Ostgulen pins his showing as to the fourth element on Brian Harger, the former Vice President of Operations at KemperChoice, who was retained after Ostgulen was fired. Although Lumbermans concedes that Harger was less than 40 years old on July 15, 1999, Ostgulen provides no evidence as to Harger's precise age or birth date. The omission is potentially significant because "inference of discrimination is appropriate only when the employer favors `substantially' younger persons, a term [the Seventh Circuit has] defined operationally as `ten years or more.'" Scott v. Parkview Mem. Hosp., 175 F.3d 523, 525 (7th Cir. 1999). At the time he was fired, Ostgulen was 48 years old. If Harger was 39 years old in July 1999, Ostgulen loses. Lumbermans does not press the point, however, so this court will assume that Harger is in fact ten years or more younger than Ostgulen.

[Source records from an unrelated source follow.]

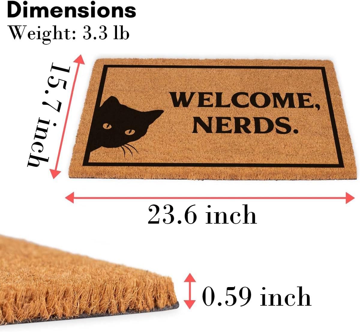 ☆☆☆DOORMAT DETAIL:☆☆☆ Made of 100% Natural Coir (with Anti-Slip PVC Back) -Measures 15.7" long x 23.6" wide x 1.5cm high -Packing list: 1 X Coir Doormat -Clean by shaking out. Coir fiber is natural fiber extracted from the outer husk of coconuts and is widely used in products such as floor mats, doormats, brushes and mattresses. Coconut Coir is the fibrous material found between the hard, internal shell and the outer coat of a coconut. The coir fibers are tough and strong with excellent scraping properties, helping remove dirt and moisture from any footwear. The coir fiber is wildly known for its excellent water-resistant capabilities and is elastic enough to twist without breaking. Light shedding may naturally occur during shipping. Depending on floor surface, the print on the vinyl (under the doormat) will lightly wear off over time. Warning to prevent falls: Ensure doormat lies completely flat before using it. It is easy to clean. Just shake briskly, or scrape mud off. For a deeper clean, wipe with a damp cloth and mild soap, or use a garden hose to rinse it. Allow your mat to air dry before using it again. If you have any questions about our product, please contact us and we will reply email within 24 hours. We offer you the best service! Thank you for being our customer.
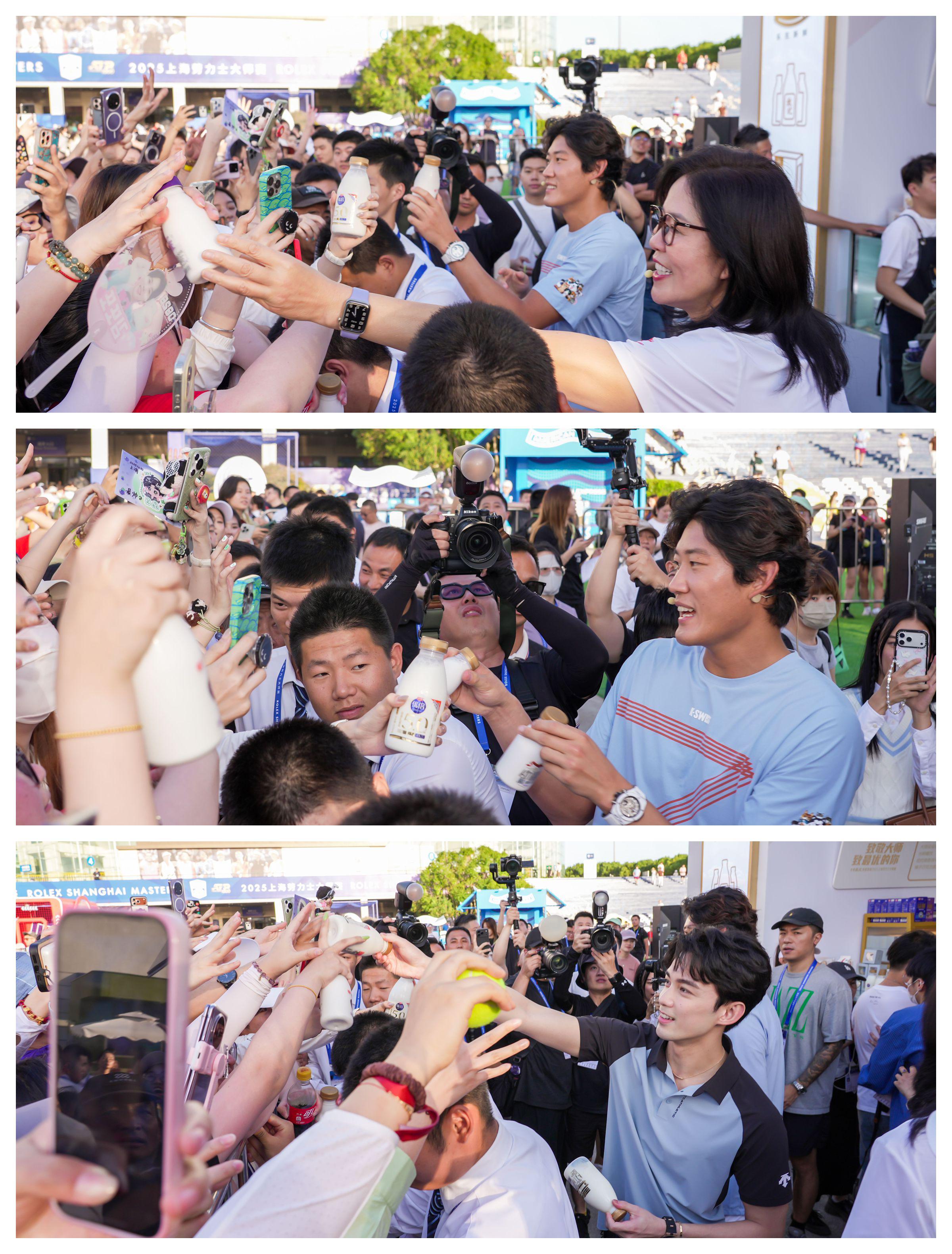 更值得关注的是,光明乳业还专为本次上海大师赛推出了限定款包装的光明致优全鲜乳,包装上张之臻挥拍的动感瞬间与赛事氛围完美契合,拿在手中既是饮品,也是一份独特的赛事周边,吸引不少球迷争相选购。
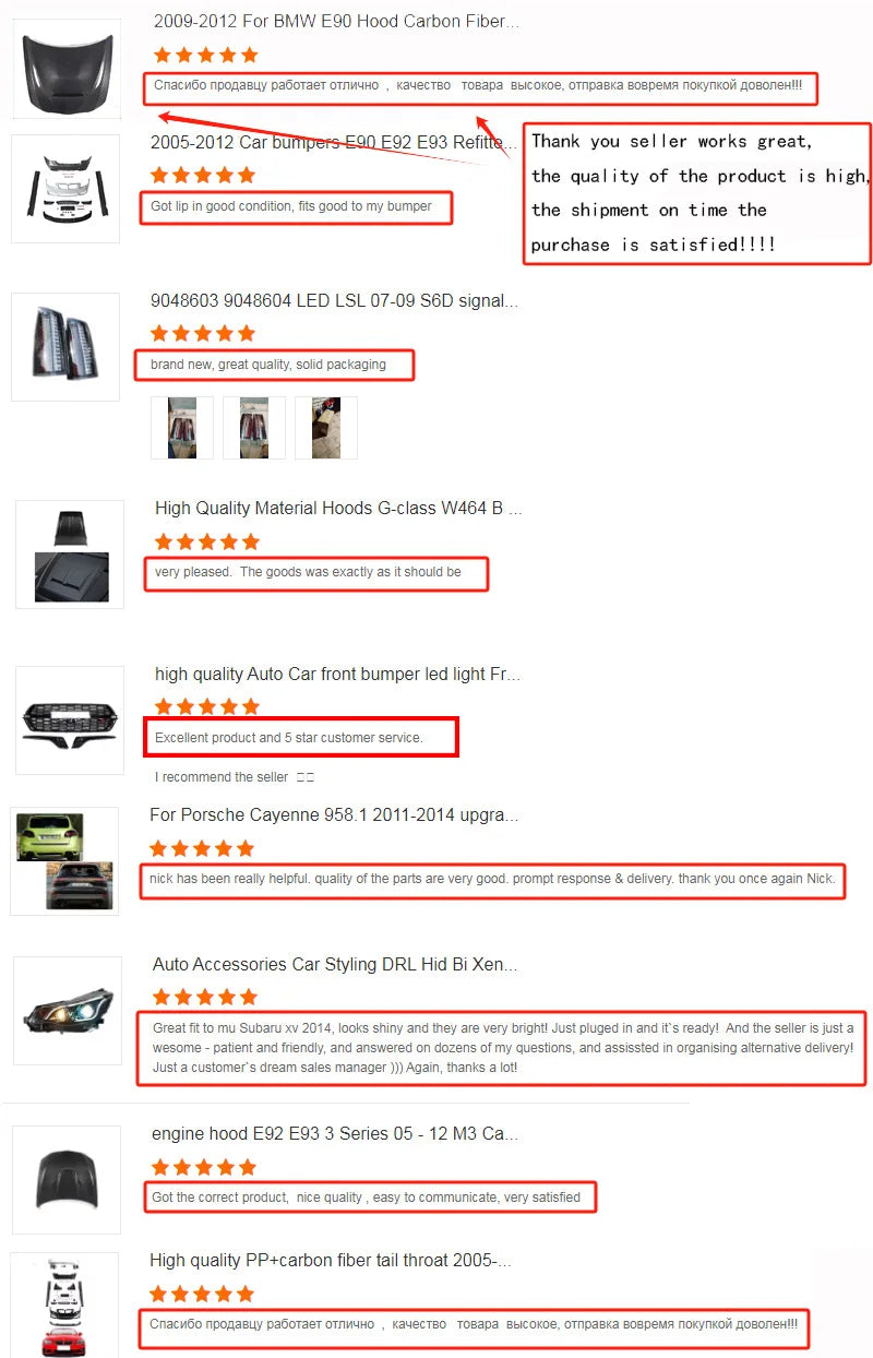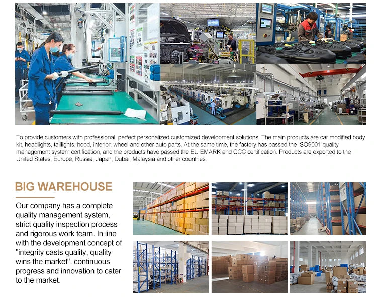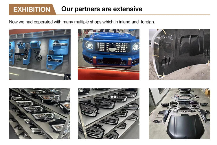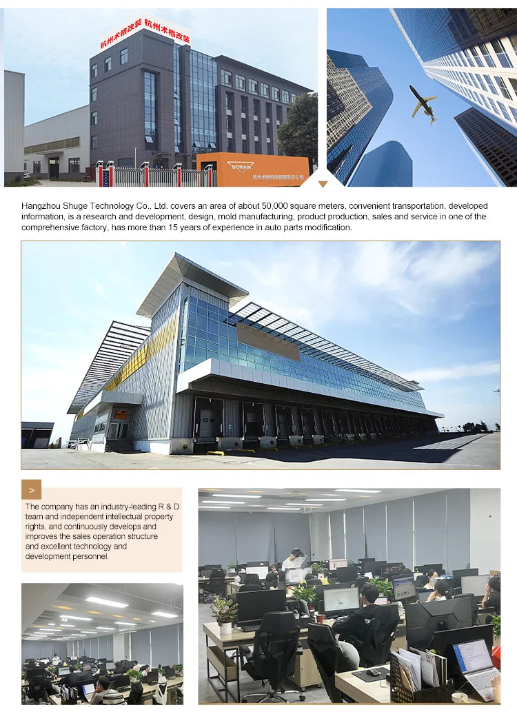 1. Why buy from us instead of other suppliers? Hangzhou shuge Technology Limited Liability Company, covering an area of about 50,000 square metres, with convenient traffic and developed information, is a comprehensive factory integrating research and development, design, mould manufacturing, product production, sales and service, with more than 15 years of experience in auto parts modification. The company has the industry's first-class R & D team and independent intellectual property rights and continue to develop and improve the sales operation structure and excellent technical and development personnel. We provide customers with professional and perfect personalised custom development solutions. 2. How do we guarantee the quality? After the products are manufactured, we will put them into the warehouse after three times of testing and inspection. One year warranty 3. Who are we? Our headquarter is located in Binjiang, Hangzhou, China. Since 2010, our products have been sold to the United States, Europe, Southeast Asia, Africa and many other countries. 4. what can you buy from us? All kinds of car body kits, car bonnets, headlights and taillights, car accessories, car wheels and so on. 5. What services can we provide? Accepted delivery terms: FOB, CFR, CIF, EXW, DDP; Accepted payment currency: USD; Accepted payment methods: T/T, L/C, PayPal, Western Union, Escrow. 6. How do you handle customer complaints? We will reply to customers quickly within 1 hour during working hours. 7. 7. What is your sample policy? If we have stock, we can provide samples, but users need to pay sample fee and shipping fee! 8. How do you keep good long term relationship with our business? We maintain good quality and competitive price to ensure the benefit of our customers; We respect every user, treat them as friends, and do business and make friends with them sincerely, no matter where they come from. 9. What are the conditions for product customisation? We accept a small amount of customisation and support users to provide samples OEM No. Customised products need to be paid in advance, with a minimum prepayment of not less than 30%.
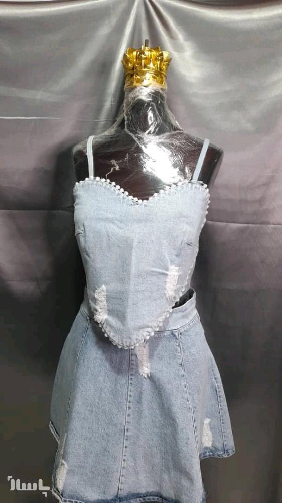 تاپ و دامن قلبی جنس جین،تنخور شیک و عالییییی،ایستایی خیلی خوبی داره،سایزبندی داره
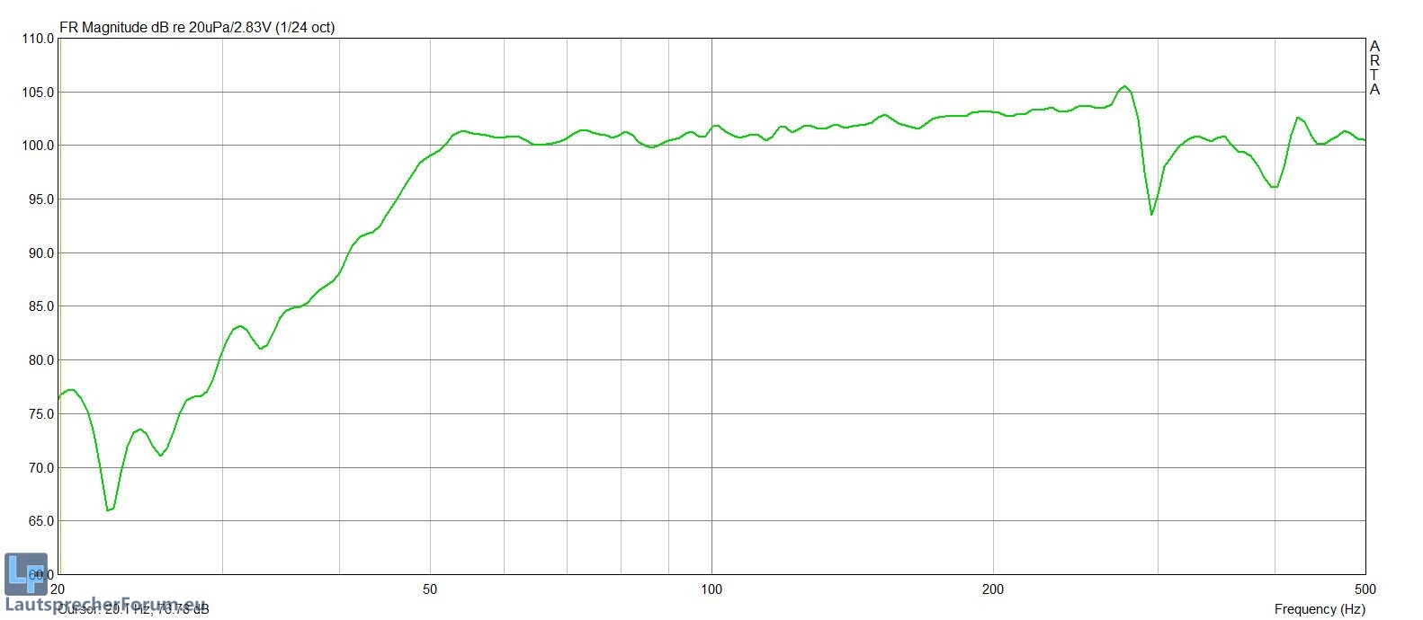 Die Resos habe ich sehr gut in den Griff bekommen und treten erst gegen 285Hz ein, sind zudem auch nicht sonderlich ausgeprägt.
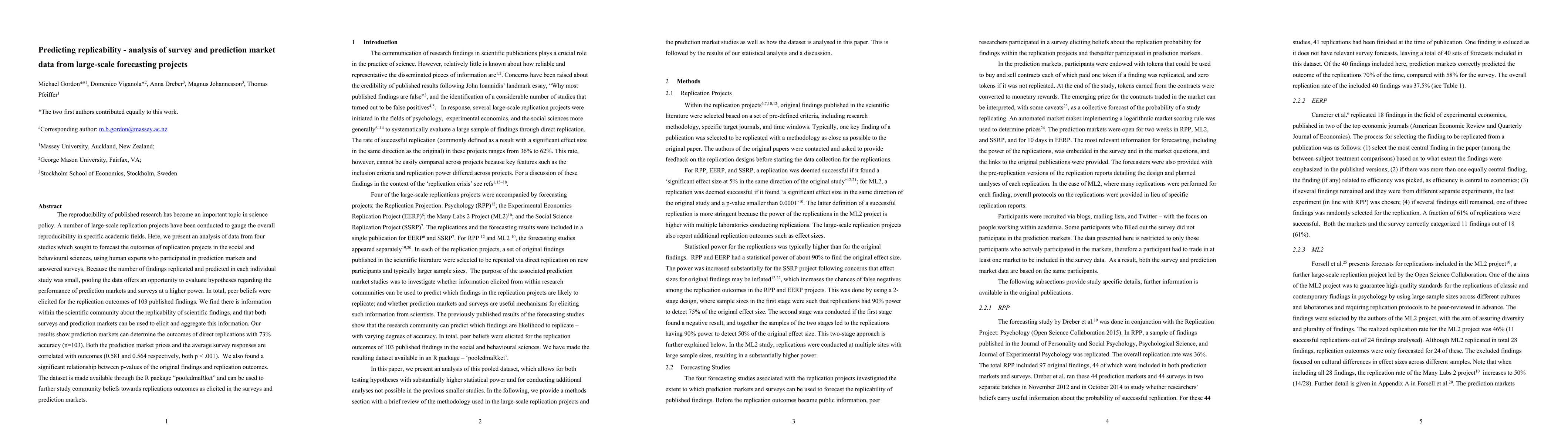 This study analyzes data from four large-scale forecasting projects to assess the replicability of scientific findings in social and behavioral sciences. It finds that both prediction markets and surveys can effectively aggregate expert opinions on replication outcomes, with prediction markets achieving 73% accuracy. The results suggest that scientific community beliefs correlate with actual replication success.
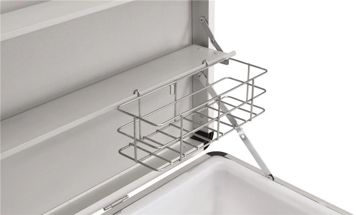 - Die robuste Tür mit Griff sorgt für einfachen nutzbaren Stauraum wie zu Hause

In addition to showing that Harger is "substantially younger," Ostgulen must show that Harger was "similarly situated." The parties dispute whether Harger was a member of the decision-making team at KemperChoice and whether he was, like Ostgulen, eligible to receive Long-Term Incentive bonuses or officers' bonuses. For present purposes, the court resolves both issues in Ostgulen's favor. On the other hand, it is undisputed that: Harger had 13 to 14 years of prior experience working at Lumbermans's headquarters in Long Grove, Illinois in its computer division (Def.'s Rule 56.1 Statement ¶ 12); Harger came from Long Grove to Freeport as a favor to get the Freeport operation started (id. ¶ 42); Harger's and Ostgulen's backgrounds and experience differed (Ostgulen Dep. at 210); one of Harger's primary or principal duties at KemperChoice related to the computer system and Harger was better qualified than Ostgulen to perform these tasks (id.); if asked in 1999 to assess Harger's performance, Ostgulen "would have said as far as I knew, he was doing okay" (id. at 197); Hammond was the sole decision-maker with regard to Ostgulen's termination (Def.'s Rule 56.1 Statement ¶ 33); Hammond believed that Harger was meeting or exceeding all of his performance objectives (id. ¶ 41); unlike Ostgulen and two of the other terminated officers, Harger was not involved in a proposed rate revision plan (Ostgulen Dep. at 186); and Hammond regarded the plans submitted to him as unacceptable and cited this as a reason for his decision to terminate Ostgulen and the others (Def.'s Rule 56.1 Statement ¶ 31). Finally, in response to Lumbermans's claim that Hammond did not believe Harger had a decision-making role in terms of activities which determined the overall profitability of the company, Ostgulen asserts that Harger "had a key role in that KemperChoice's expense ratio depended on his group." (Pl.'s Resp. Def.'s Rule 56.1 Statement ¶ 40 (citing Ostgulen Aff. ¶ 15).) Ostgulen himself admitted that the expense ratio remained constant during 1999, while the overall ratio worsened. (Ostgulen Dep. at 148.) In light of these differences, no reasonable factfinder could conclude that Harger and Ostgulen were similarly situated.
Accordingly, this court grants Lumbermans's motion for summary judgment.